There really couldn't have been anyone else to play Andy Kaufman besides Jim Carrey - Carrey, who was an enormous fan of the comedian, takes the role and completely becomes it. There are a number of scenes where he's so good it's almost scary. Watching it, it reminds me of some of the early stand-up comedy moments from Carrey, where he would try things and experiment; sometimes it wouldn't work, but even if it didn't, you were entertained by how far out there it went. It's an experience...

...And so is the film. Revolving around the history of Kaufman, director Milos Forman takes the audience from the performer's childhood to the stand-up gigs, to "Taxi" and to the end of his life. Kaufman, as he repeats, is not a comedian but a performer, and the surreal nature of everything down to the prank of lounge act Tony Clifton is an amazing thing to witness. We eventually are introduced to the other cast of characters in Kaufman's life, from his manager George Shapiro(Danny Devito) to his co-conspirator, Bob Zamuda(Paul Giamatti) to his girlfriend, Lynne Marguiles(Courtney Love). I was greatly impressed by the supporting cast, who never become overshadowed by the performance from Carrey, which is one of genius.

The film even opens with a frustratingly brilliant bit, with Carrey as Kaufman welcoming the audience to the movie, explaining that he wasn't happy with it, and letting the credits roll. The bit goes on a little too long, but the end result is hilarious. Time and time again, though, it's Carrey's performance that makes the movie truly memorable, bringing Kaufman to life with an intense, out-of-control performance that's easily the actor's very best.


The DVD

VIDEO: The transfer from Universal for "Man On The Moon" is good, but it's not quite as good as it could have been. The picture is adequately sharp, but it seems a little on the soft side on occasion. Detail is good, but not great. Colors occasionally are bright and make an impression, but generally, stay fairly subdued. Flesh tones are natural, though.

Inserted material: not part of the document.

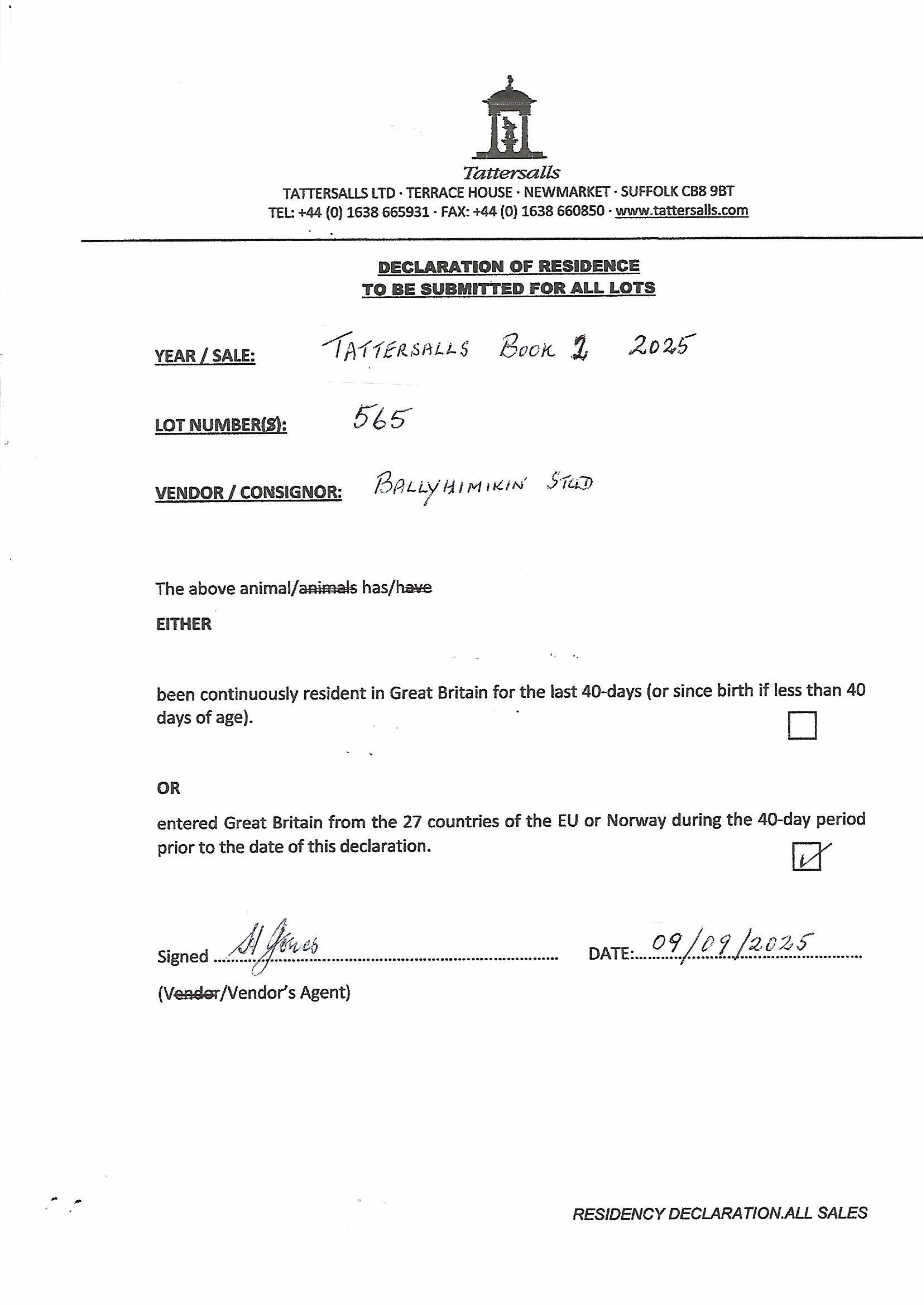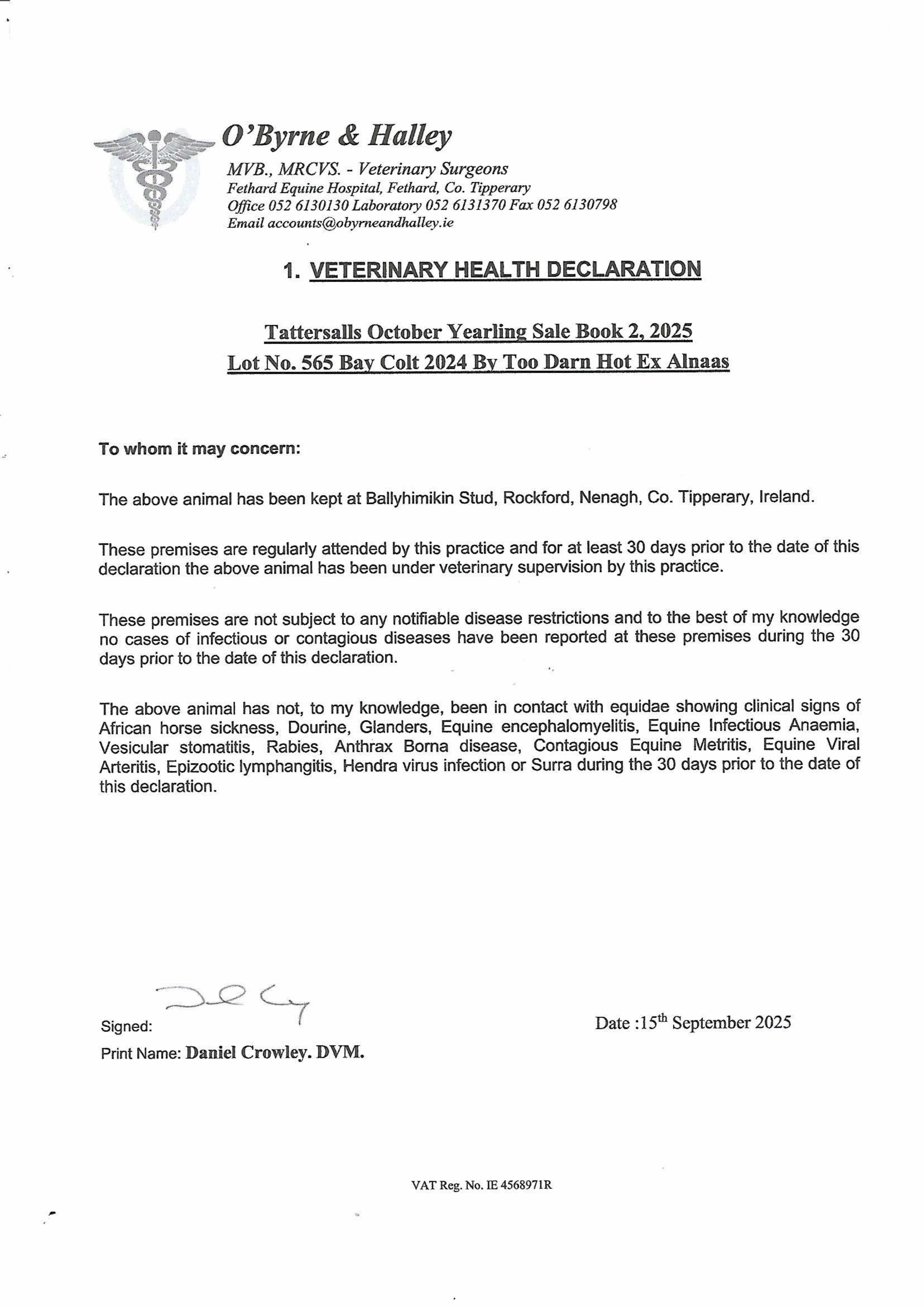 Consignor: Ballyhimikin Stud, Ireland

The remaining problems are slight, but noticable. There is some slight shimmering and pixelation, but they aren't terribly distracting. The print used is in very good condition, with only a minor mark or two. It's certainly watchable, but it's not the best work Universal has done.

SOUND: Universal has inclued both DTS and Dolby Digital audio for "Man On The Moon", and both are pretty similar to each other. The film is mainly dialogue driven, with not much else during the picture. Surround use is pretty minor, but effective when used. The score sounds clear and smooth, and dialogue is clear and well-integrated. The DTS track sounds a little smoother and more natural - especially during the performances, but I didn't find a major difference between the two. The DTS "piano" trailer is included.

EXTRAS: This could have been a bigger special edition; although Universal's extras that are included are enjoyable, I wish there was more included, such as a commentary from the director or even Carrey.

Deleted Scenes: There are about 10 minutes worth of deleted scenes included; some are just interesting to watch, but there are a couple that are pretty entertaining and were probably cut due to time.

Spotlight On Location: Another of Universal's documentary features, "Man On The Moon: Behind The Spotlight" takes equal turns on featuring the history behind Kaufman's career and the production of the movie. Director Milos Forman as well as many other members of the cast and crew share their thoughts on the movie as well as Kaufman's career. The viewpoint of Carrey on the career of the performer is especially interesting to listen to.

Andy Kaufman Bio: There is a text bio of Kaufman, and there are little logos you can select to watch a clip of Kaufman.

Notes: Cast and crew bios, production notes.

Music Videos: "Man On The Moon" and "The Great Beyond", from REM.

Trailers: Trailers for "Man On The Moon" and "Nutty Professor 2".

Also: DVD-rom features and recommendations.


Final Thoughts: The film tends to get a little long once or twice, but Carrey's performance is remarkable. Universal's DVD isn't quite as strong as it could have been, but it's still an enjoyable presentation. Recommended.